03 Aug 2012, BioSpectrum Bureau , BioSpectrum
Singapore: A rapid heart rate is a common condition among elderly individuals, and represents a potential goldmine for pharmaceutical companies who can improve on the current treatment offerings, states a new report by healthcare experts GlobalData.
The new report shows that the supraventricular tachycardia (SVT) market contains several popular medications, but there is room to grow if superior efficacy and safety can be developed.
Tachycardia is defined as a condition of rapid heart rate, which affects the ability of the heart to pump blood efficiently. The key driver responsible for the growth of the market was an increase in the prevalence of Atrial Fibrillation (AF) and Atrial Flutter (AFL), which represent forms of SVT.
According to the National Health Service (NHS), the prevalence of AF in the UK was estimated to be 1.4 percent in 2011, and the Centers for Disease Control and Prevention (CDC) predicts that in 2050, 12 million people will be affected with AF. The incidence of atrial fibrillation increases with age, and therefore the increase in SVT can be linked to the increase in the aging population, as well as the rising prevalence of associated risk factors such as hypertension, diabetes, mental stress, and lung diseases.

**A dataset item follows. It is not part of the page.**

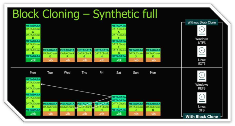 The above graphics compares what a backup looks like in a NTFS/EXT3 formatted filesystem compared to a ReFS/XFS formatted filesystem. Storage savings can be significant.
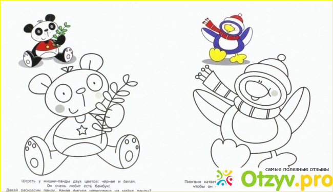 Издательство выпустило книжку, которая точно соответствует описанию. Линии действительно толстые , ребенок их хорошо видит. Хотя и не всегда у малыша получается придерживаться этих контуров, картинки получаются не очень размытыми после раскрашивания. Ребенок не только изучает мир животных, различает отличия разных частей туловища, но и одновременно повторяет цвета. Ведь животных надо раскрашивать непросто по своему желанию, а подбирая цвет, который предложен в книжке. Хотя наблюдаю по своему малышу и вижу, что ему часто нравиться нарушать это правило. Иногда он берет нужный карандаш, а иногда другой. Происходит это вовсе не потому, что не понимает цвет, просто у него вдруг возникает желание использовать совсем другой.

Currently, the SVT therapeutics market has several approved branded drugs, including Multaq (dronedarone), Pradaxa (dabigatran etexilate mesylate), Brinavess (vernakalant) (approved in Europe), and Xarelto (rivaroxaban). Many antiarrhythmic drugs, calcium channel blockers, beta blockers, and anticoagulants are also used to treat SVT. Patients currently benefit from good efficacy, dosage regimens and therapy durations, suggesting that current competition in the market is strong. However, GlobalData believes that the SVT therapeutics market still has significant unmet need, attributed to safety and tolerability profiles.